[Extracted records]
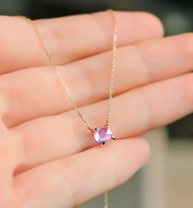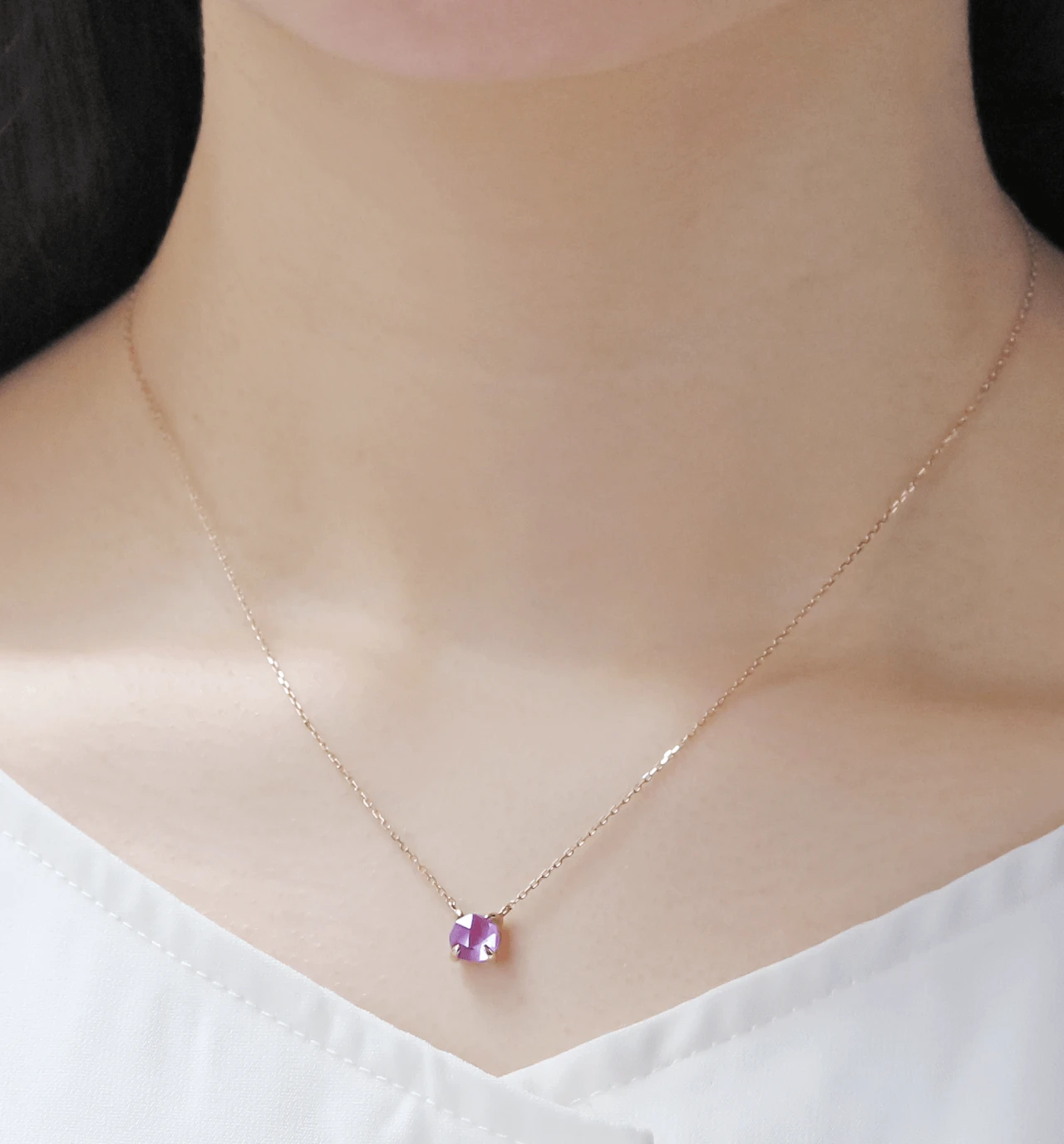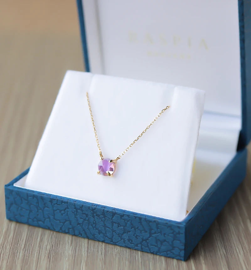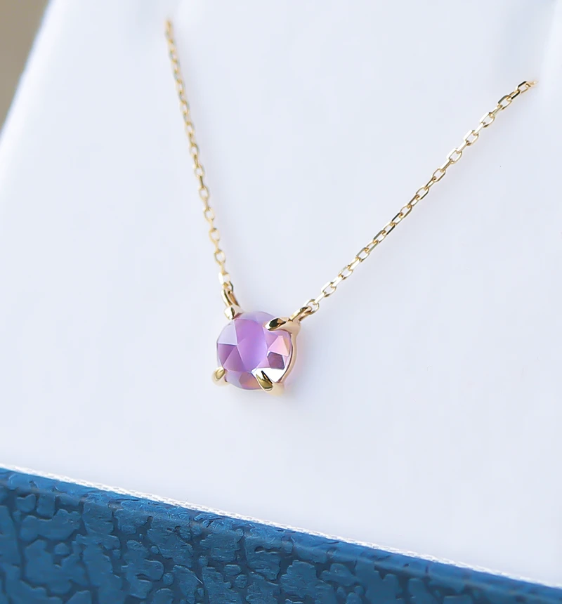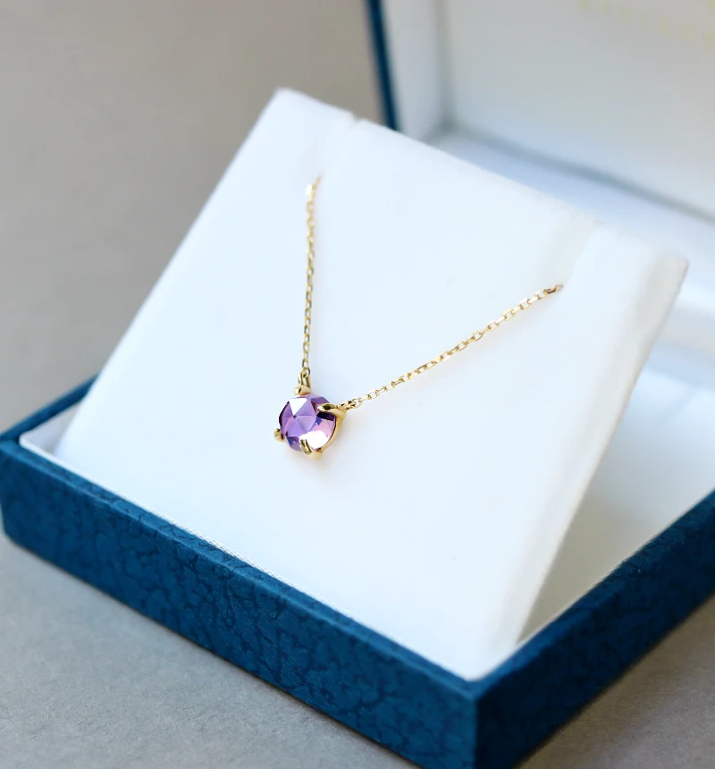 鮮やかなパープルカラーが美しいローズカットのアメジストを使用したK10ネックレスです。ローズカットの表面に施された24面のカット面が光を反射し、キラキラと美しく輝きます。アメジストは2月の誕生石です。
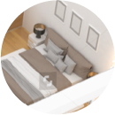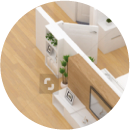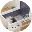 Cachée sous un plan de travail de cuisine, un dressing, un plancher, une cloison, ou un équipement sanitaire (baignoire, paroi de douche, miroir…), notre technologie SYLPH® crée une ambiance acoustique très répartie qui enveloppe la zone concernée.
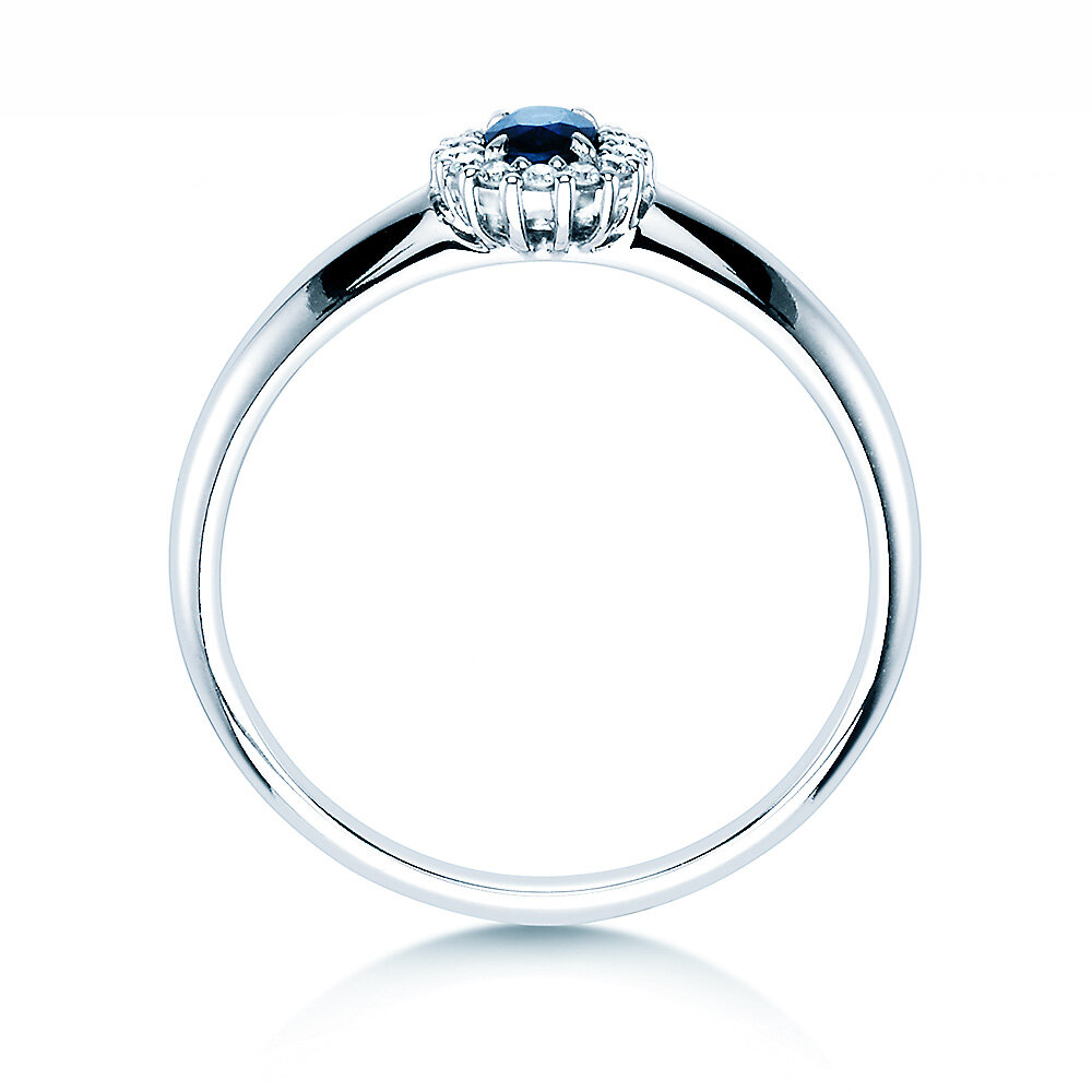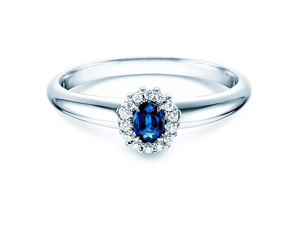 Verlobungsring Jolie mit Saphir 0,25 ct. und Diamanten mit insges. 0,06 ct. Der blaue Saphir wird umrahmt von einem Kranz funkelnder Diamanten. Der beruhigende, blaue Farbton des Saphir steht für eine milde, entspannte und harmonische Atmosphäre – alles Eigenschaften, die man sich auch für die eigene Ehe wünscht.
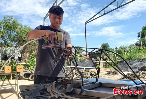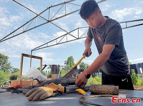 Zhou Zhenfeng, a researcher specializing in Buddhism at the Hebei Academy of Fine Arts, creates a sculpture using abandoned tires and welded steel bars as a frame. A native of Qingyang City in Gansu Province, the 26 year old said he hopes his creation can improve people’s awareness of the need for environmental protection. (Photo: China News Service)
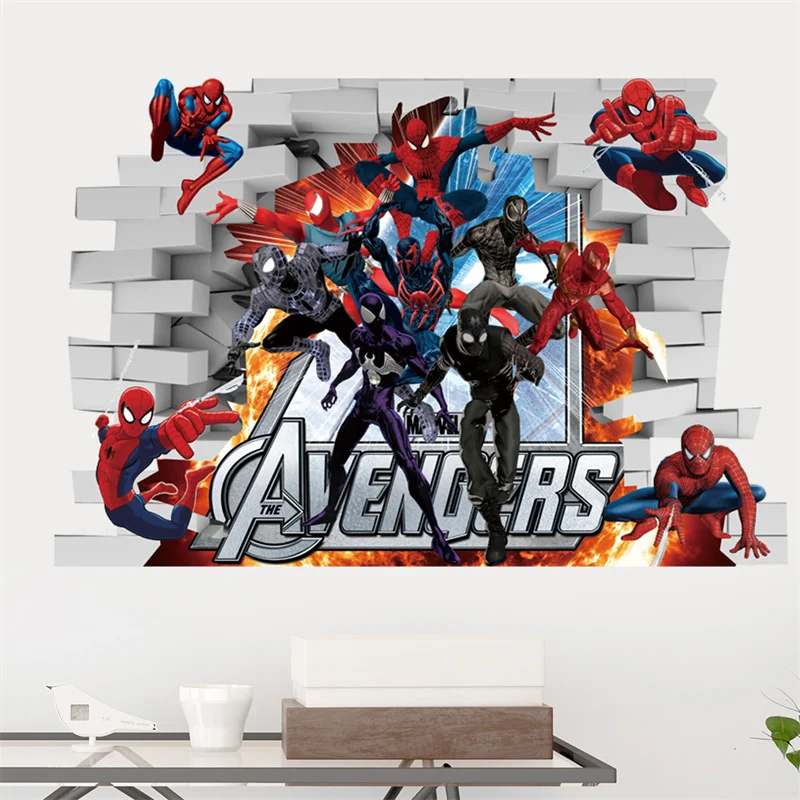 3D наклейки на стену Человек-паук Мстители для детской комнаты укра...
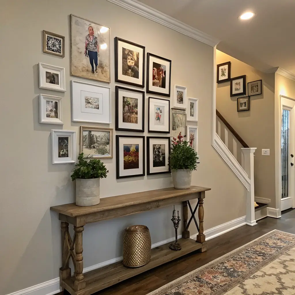 The gallery wall has experienced a bit of a reputation shift over the years. Done poorly, it looks chaotic and random. Done well, it’s genuinely one of the most impactful entrance foyer wall design ideas you can execute. The difference comes down entirely to curation and cohesion.
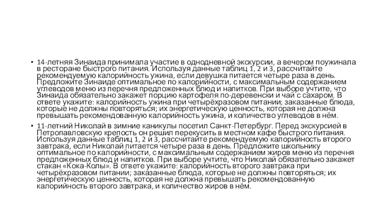 Слайд 2614-летняя Зинаида принимала участие в однодневной экскурсии, а вечером поужинала в
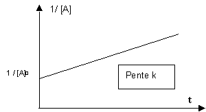 Si on porte (1 / [A]) en fonction du temps on obtient une droite d’ordonnée à l’origine (1/ [A]0) et de pente k.
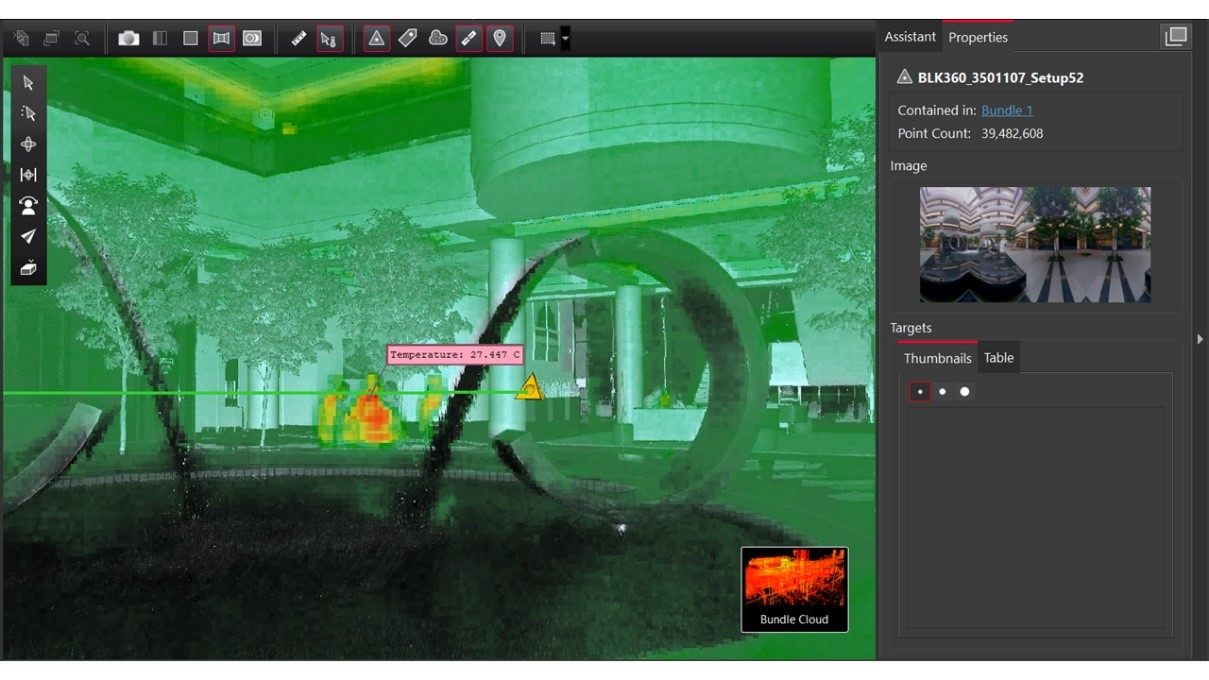 BLK360 G1 IR data is supported, providing users with expanded options for viewing and querying their data. If IR data was captured during scanning, the option to view the IR image is available from the top toolbar. There is also a new command on the top toolbar next to the IR image option to query the temperature of a selected point on the IR image.

[Try it] An exact reproduction of the data is needed, with no pictures included.

[Expected answer]
 鮮やかなパープルカラーが美しいローズカットのアメジストを使用したK10ネックレスです。ローズカットの表面に施された24面のカット面が光を反射し、キラキラと美しく輝きます。アメジストは2月の誕生石です。
 Cachée sous un plan de travail de cuisine, un dressing, un plancher, une cloison, ou un équipement sanitaire (baignoire, paroi de douche, miroir…), notre technologie SYLPH® crée une ambiance acoustique très répartie qui enveloppe la zone concernée.
 Verlobungsring Jolie mit Saphir 0,25 ct. und Diamanten mit insges. 0,06 ct. Der blaue Saphir wird umrahmt von einem Kranz funkelnder Diamanten. Der beruhigende, blaue Farbton des Saphir steht für eine milde, entspannte und harmonische Atmosphäre – alles Eigenschaften, die man sich auch für die eigene Ehe wünscht.
 Zhou Zhenfeng, a researcher specializing in Buddhism at the Hebei Academy of Fine Arts, creates a sculpture using abandoned tires and welded steel bars as a frame. A native of Qingyang City in Gansu Province, the 26 year old said he hopes his creation can improve people’s awareness of the need for environmental protection. (Photo: China News Service)
 3D наклейки на стену Человек-паук Мстители для детской комнаты укра...
 The gallery wall has experienced a bit of a reputation shift over the years. Done poorly, it looks chaotic and random. Done well, it’s genuinely one of the most impactful entrance foyer wall design ideas you can execute. The difference comes down entirely to curation and cohesion.
 Слайд 2614-летняя Зинаида принимала участие в однодневной экскурсии, а вечером поужинала в
 Si on porte (1 / [A]) en fonction du temps on obtient une droite d’ordonnée à l’origine (1/ [A]0) et de pente k.
 BLK360 G1 IR data is supported, providing users with expanded options for viewing and querying their data. If IR data was captured during scanning, the option to view the IR image is available from the top toolbar. There is also a new command on the top toolbar next to the IR image option to query the temperature of a selected point on the IR image.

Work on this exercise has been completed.